• _About this exercise_: Copy, word for word, the lines of the listing below from the line with "Волнующие всех вопросы" up to and including the line with "Вы можете просмотреть". Drop the pictures.

• _Data under study_:
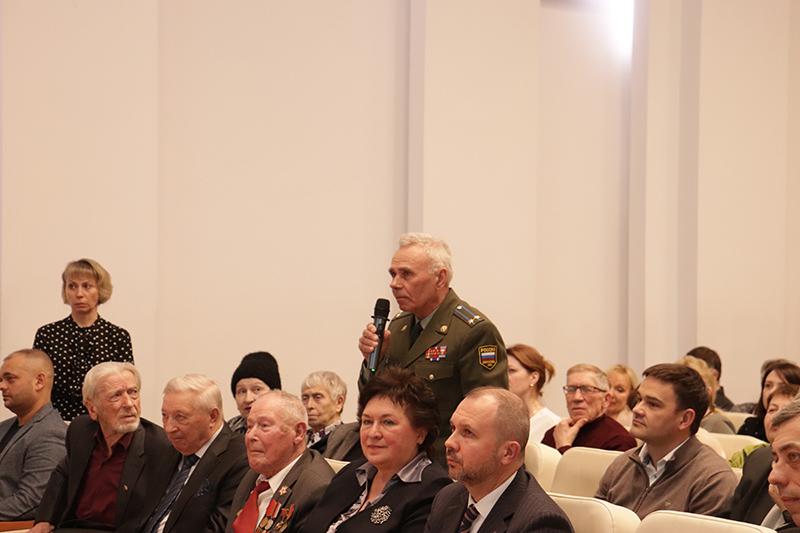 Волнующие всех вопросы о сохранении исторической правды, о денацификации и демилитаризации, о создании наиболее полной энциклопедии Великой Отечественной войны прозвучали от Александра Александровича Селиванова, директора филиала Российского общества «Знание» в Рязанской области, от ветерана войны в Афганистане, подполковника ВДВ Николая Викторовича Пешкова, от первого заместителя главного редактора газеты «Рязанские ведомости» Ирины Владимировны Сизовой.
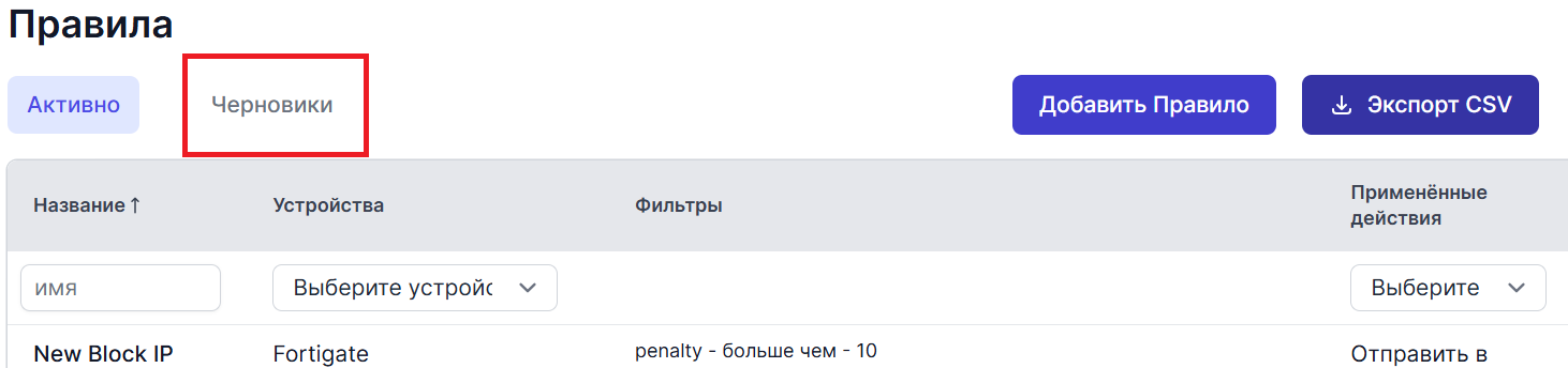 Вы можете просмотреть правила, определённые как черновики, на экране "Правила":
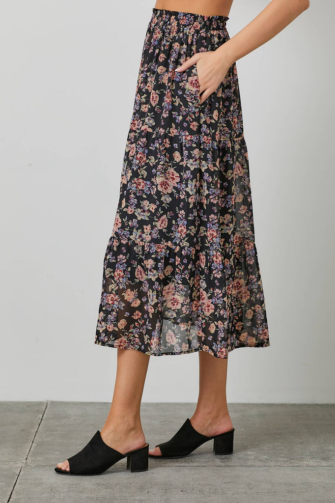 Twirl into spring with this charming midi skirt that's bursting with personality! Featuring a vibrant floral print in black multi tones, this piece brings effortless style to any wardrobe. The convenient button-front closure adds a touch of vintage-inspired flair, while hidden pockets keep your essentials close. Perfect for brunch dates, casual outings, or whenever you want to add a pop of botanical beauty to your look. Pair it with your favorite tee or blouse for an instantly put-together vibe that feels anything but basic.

* * *

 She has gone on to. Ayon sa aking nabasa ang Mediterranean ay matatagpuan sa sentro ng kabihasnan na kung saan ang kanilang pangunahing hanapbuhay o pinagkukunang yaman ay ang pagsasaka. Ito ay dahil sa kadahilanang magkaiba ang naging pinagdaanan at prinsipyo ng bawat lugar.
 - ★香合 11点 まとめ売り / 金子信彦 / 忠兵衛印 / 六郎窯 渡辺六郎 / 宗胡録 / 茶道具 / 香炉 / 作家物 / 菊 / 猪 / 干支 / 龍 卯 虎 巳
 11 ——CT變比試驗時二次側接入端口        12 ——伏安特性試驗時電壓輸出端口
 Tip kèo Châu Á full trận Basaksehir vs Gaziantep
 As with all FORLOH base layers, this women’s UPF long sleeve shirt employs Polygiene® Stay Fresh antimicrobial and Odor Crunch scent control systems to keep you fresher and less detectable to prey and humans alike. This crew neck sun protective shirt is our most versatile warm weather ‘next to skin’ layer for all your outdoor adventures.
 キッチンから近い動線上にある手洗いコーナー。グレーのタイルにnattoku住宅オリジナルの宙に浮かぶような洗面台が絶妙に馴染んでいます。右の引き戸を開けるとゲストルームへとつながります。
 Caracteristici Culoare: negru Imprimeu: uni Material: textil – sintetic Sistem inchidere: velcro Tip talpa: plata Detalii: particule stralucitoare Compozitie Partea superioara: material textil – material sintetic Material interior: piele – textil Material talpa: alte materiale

---

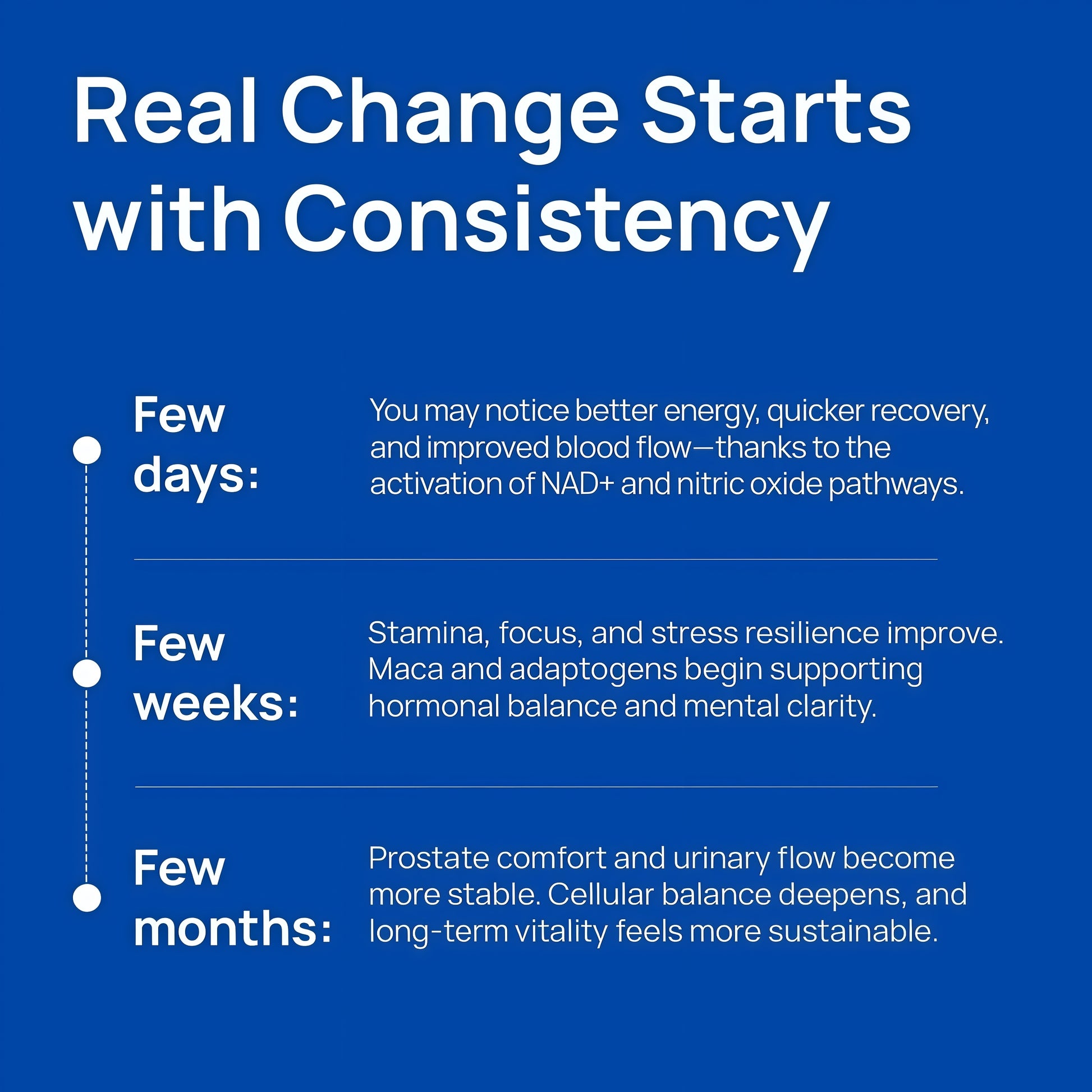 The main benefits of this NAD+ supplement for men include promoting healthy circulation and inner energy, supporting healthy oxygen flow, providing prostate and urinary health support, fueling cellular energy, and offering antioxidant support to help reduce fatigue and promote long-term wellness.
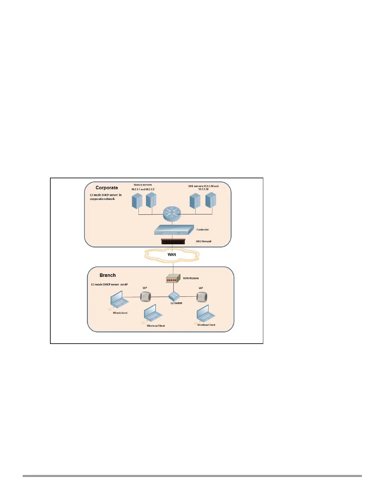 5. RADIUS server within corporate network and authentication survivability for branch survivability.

• _Output of the task_:
 Волнующие всех вопросы о сохранении исторической правды, о денацификации и демилитаризации, о создании наиболее полной энциклопедии Великой Отечественной войны прозвучали от Александра Александровича Селиванова, директора филиала Российского общества «Знание» в Рязанской области, от ветерана войны в Афганистане, подполковника ВДВ Николая Викторовича Пешкова, от первого заместителя главного редактора газеты «Рязанские ведомости» Ирины Владимировны Сизовой.
 Вы можете просмотреть правила, определённые как черновики, на экране "Правила":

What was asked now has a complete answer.